Application Messages

Within an application you might want to pass a message from one procedure back to the procedure that called it. For example, if a subprocedure encounters an error, you might want to pass a message about the error back to the caller. You can pass such as message on the RETURN statement. For example, p-retstr.p tries to find a customer record in the database and returns either the customer name or a message indicating why the record is not available:

p–retstr.p
DEFINE PARAMETER BUFFER cust-buf FOR customer. 
DEFINE INPUT PARAMETER  cnum     AS INTEGER. 
FIND cust-buf WHERE cust-num = cnum NO-ERROR. 
IF NOT AVAILABLE cust-buf 
THEN DO: 
    IF LOCKED cust-buf 
    THEN RETURN "Record is locked.". 
    ELSE RETURN "Record not found.". 
END. 
RETURN cust-buf.name. 

The calling procedure can read a returned message by using the RETURN–VALUE function. For example, p-retval.p runs p-retstr.p and displays the returned value in a frame:

p–retval.p
DEFINE VARIABLE i AS INTEGER. 
FORM 
  customer.cust-num customer.name 
  WITH FRAME name-frame DOWN. 
FIND FIRST customer. 
DISPLAY cust-num name WITH FRAME name-frame. 
DO i = cust-num + 1 TO CURRENT-VALUE(next-cust-num): 
   DOWN WITH FRAME name-frame. 
   RUN p-retstr.p (BUFFER customer, i). 
   DISPLAY i @ customer.cust-num 
           RETURN-VALUE @ customer.name WITH FRAME name-frame. 
END. 

This procedure displays all customer numbers from the first to the current value of the next–cust–num sequence. For each number it displays either the customer name or a message indicating the status of that record.
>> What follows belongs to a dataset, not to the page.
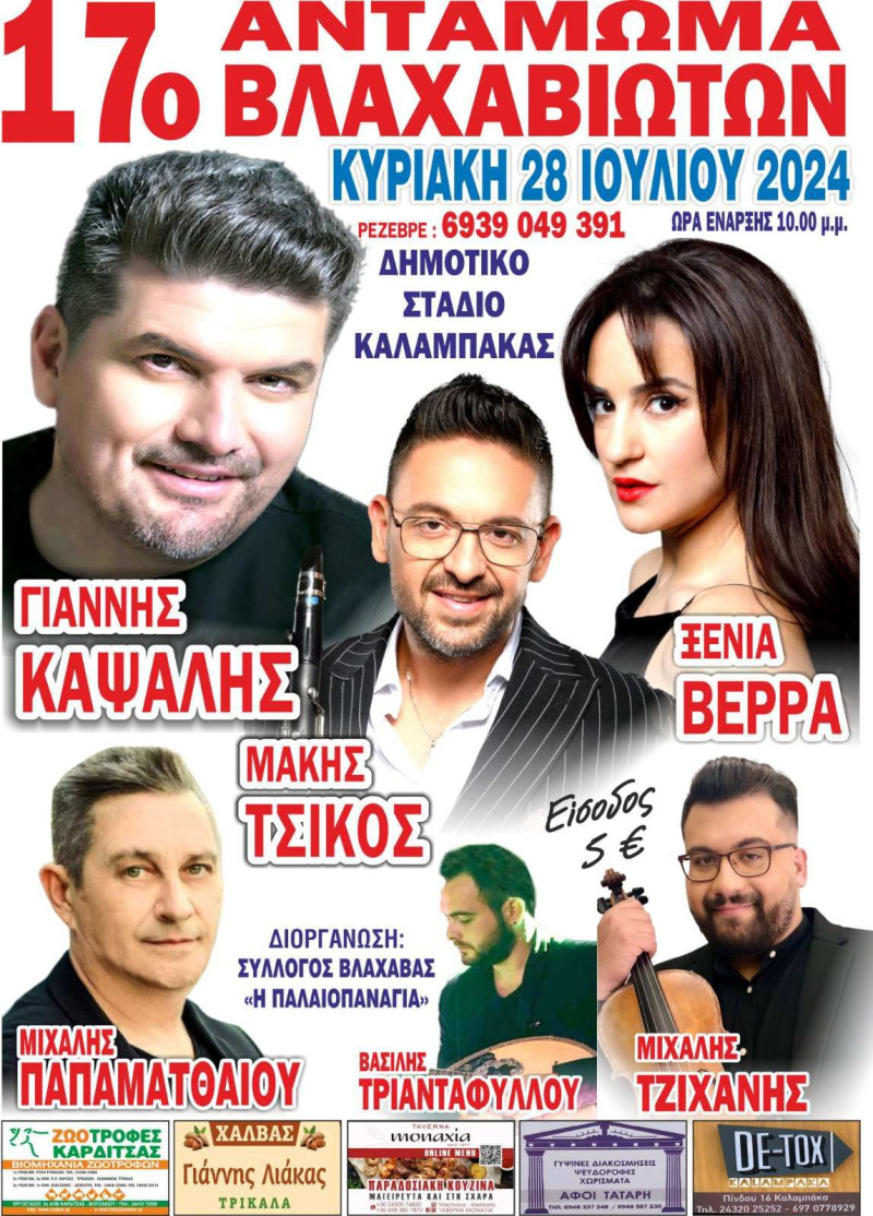 Την Κυριακή 28 Ιουλίου θα πραγματοποιηθεί το 17ο Αντάμωμα Βλαχαβιωτών από τον Πολιτιστικό Σύλλογο Βλαχάβας “Παλαιοπαναγιά” στο Δημοτικό Στάδιο Καλαμπάκας.

NOTE: If you have a procedure which does not end with the RETURN statement, the value in RETURN–VALUE will be the value of the last executed RETURN statement. RETURN–VALUE is not cleared if there is no RETURN statement. If no value was reurned by the most recently executed RETURN statement, RETURN–VALUE returns an empty string (“”).